Ну, что же — радуйся, жестокое животное. Я сама вынула свой пур — священный еврейский жребий.
— Значит, хочешь получить справку? — раскатал Педус желваки на скулах.
Три тысячелетия на качелях истории. От беды — к не счастью. Нельзя показывать ему моего страха, нельзя дать распалиться от моей беззащитности.
— Вы мне не «тычьте»! Я с вами тут селедку из пайков не делила! Извольте вести себя прилично! — выкрикнула я тонким злым голосом.
Пережили ведь фараонов! Вавилонских сатрапов. Римских цезарей. Инквизицию.
— Прилично? — гаркнул Педус, наливаясь багровой синевой. — Вот соберем общее собрание сотрудников, пусть они дадут оценку предательнице! Изменнице Родины!
— Пусть дадут, — согласилась я, надо держаться, нельзя им поддаваться.
Ведь пережили Гитлера и Сталина! Переживем и тебя. Надо держаться. Первыми зверье пожирает слабых… За сутки подготовлены собрание, обсуждение, товарищеский суд. И трибунал — Педус, Бербасов, Гершзон — занял свои места. Палач, ничтожество и предатель — вот они, судьи — товарищи.
Они тесно уселись за стол и, несмотря на духоту, плотно вжались один в другого, чтобы не оказаться за креслами стола, который символизировал сейчас их особое положение. Над бесформенным комом перепутанных туловищ вздымались возбужденные предстоящей травлей лица. Трехглавый адский пес Цербер, сторож бесприютных душ у ворот нашего Аида.
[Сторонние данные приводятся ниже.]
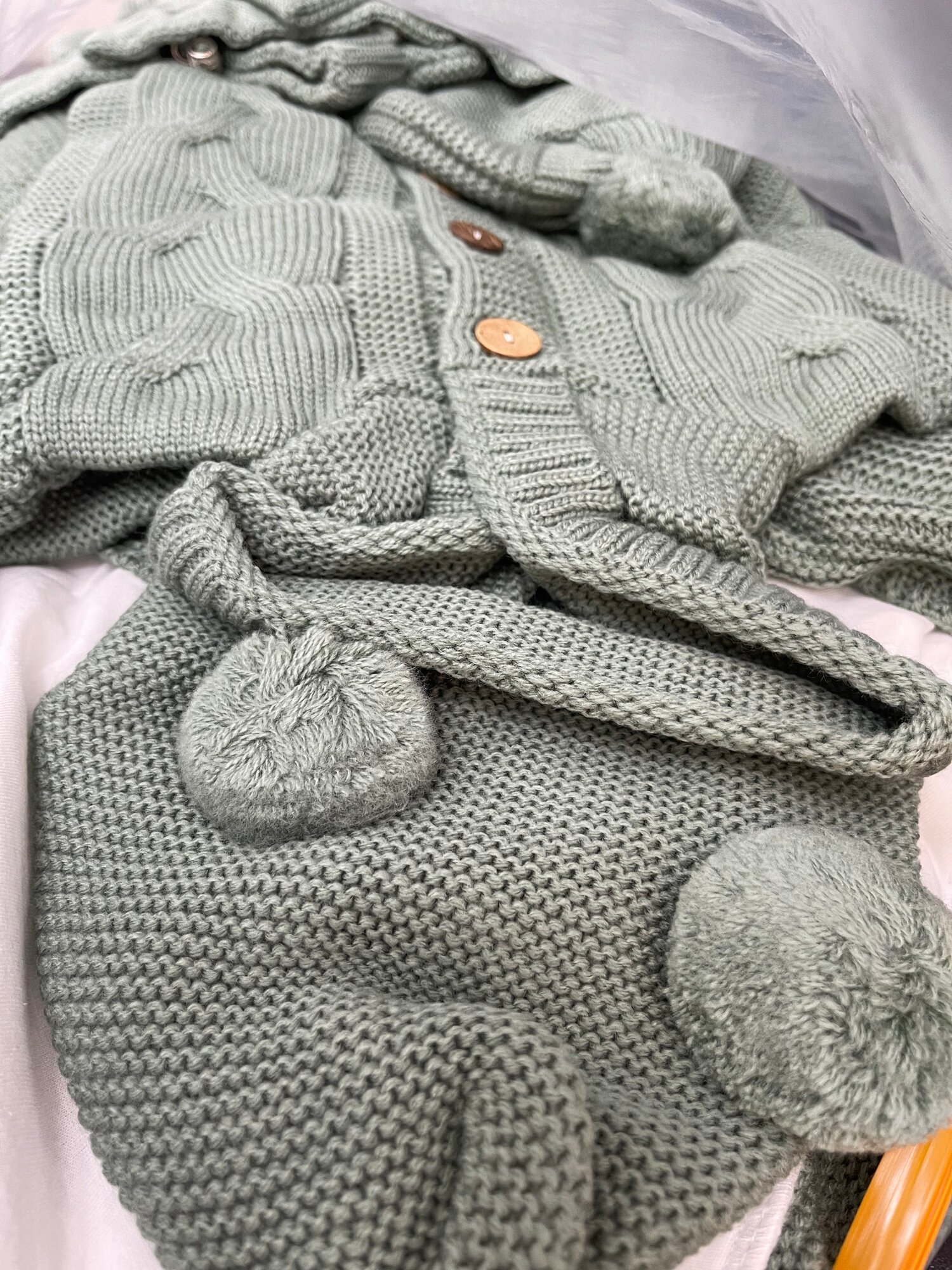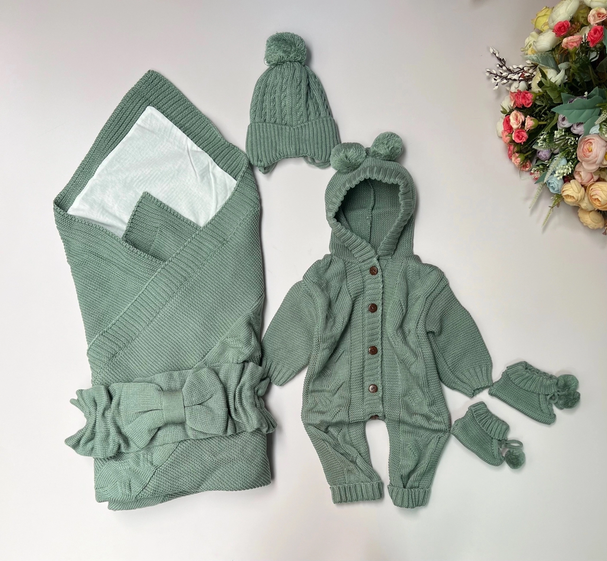 Купить Конверт для новорожденного комплект весна на выписку вязаный 7 предметов Зеленый

— Товарищи, я хочу вас проинформировать о чрезвычайном происшествии, — задвигал жвалами Педус. — Младший научный сотрудник Гинзбург осквернила нашу честь, опозорила доброе имя нашего института…
Все замороженно молчали, не дышали, не шевелились. Только ерзал беспокойно, пытаясь вырвать свои суставы из общей груды судебного тулова, Оська Гершзон — его томило нетерпение самому сказать слово, показать себя, блеснуть изысканностью речи и остротою мысли.
Картавый рыжий выкрест. Козырная шестерка на всех антисионистских мероприятиях, наглядный пример благополучия советских евреев. Доктор наук, член Союза писателей, трижды в год ездит за границу. Там рассказывает — как прекрасно живут евреи здесь, а тут рассказывает — как нечеловечески плохо они живут там.
Глупый сальный вертер-юде. Не понимаю, почему предатели-евреи так бросаются в глаза? В чем секрет их заметности, их памятности людям? Ведь и среди других народов предостаточно коллаборов?
— …она изменила присяге советского ученого… — вещал — внушал-обвинял Педус, — она предала Родину, которая ее вырастила и выкормила, выучила и спасла от гитлеровского уничтожения… Но для безродных холуев не существует привязанности и чувства благодарности… В погоне за длинным рублем, за легкой жизнью Гинзбург докатилась до последнего предела — она решила стать перебежчицей… Она подала заявление о выезде в государство Изра-Иль…
Он произносил, как инспекторша ОВИРа Сурова, — Изра-Иль, в два слова с ударением в конце. Разные поколения, школа одна.
Шепоток и движение пронеслись в куче собравшихся, но Педус пристукнул ладонью по столу, и все смолкло, все замерли. Только сильнее стал крутиться на стуле Гершзон, и громко и жарко дышал Бербасов, как калорифер в дверях магазина. Его и вытолкнул после себя Педус, видимо опасаясь, что тот от волнения забудет все, чему он учил его со вчерашнего дня.
— Дорогие друзья, родные вы мои товарищи, — прочувственно начал Бербасов и провел рукой по воздуху линию, отсекающую меня от его дорогих друзей и родных его товарищей. С прокаженными он принципиально дела не имеет.
— Я всегда верил, что у человека вот здесь должна биться совесть, — показал он на свою впалую тощую грудь, чтобы мы наглядно убедились, как сильно бьется в этой костяной клетке его совесть, ненасытная и злая, как крыса. — Но выясняется при особых обстоятельствах, что у некоторых ее нет там и в помине. Они долго, годами, иногда десятилетиями искусно маскируются, делая вид, будто они такие же нормальные честные советские люди, как мы все. На какие они ни идут только ухищрения! Они делают вид, что любят свою работу, участвуют в общественной жизни, изображают, что им нравится советская власть. И вдруг приходит момент, и мы убеждаемся, что никакой совести у них нет! Не наши это, оказывается, люди! И я всегда знал, что Гинзбург Суламифь Моисеевна — это не наш человек!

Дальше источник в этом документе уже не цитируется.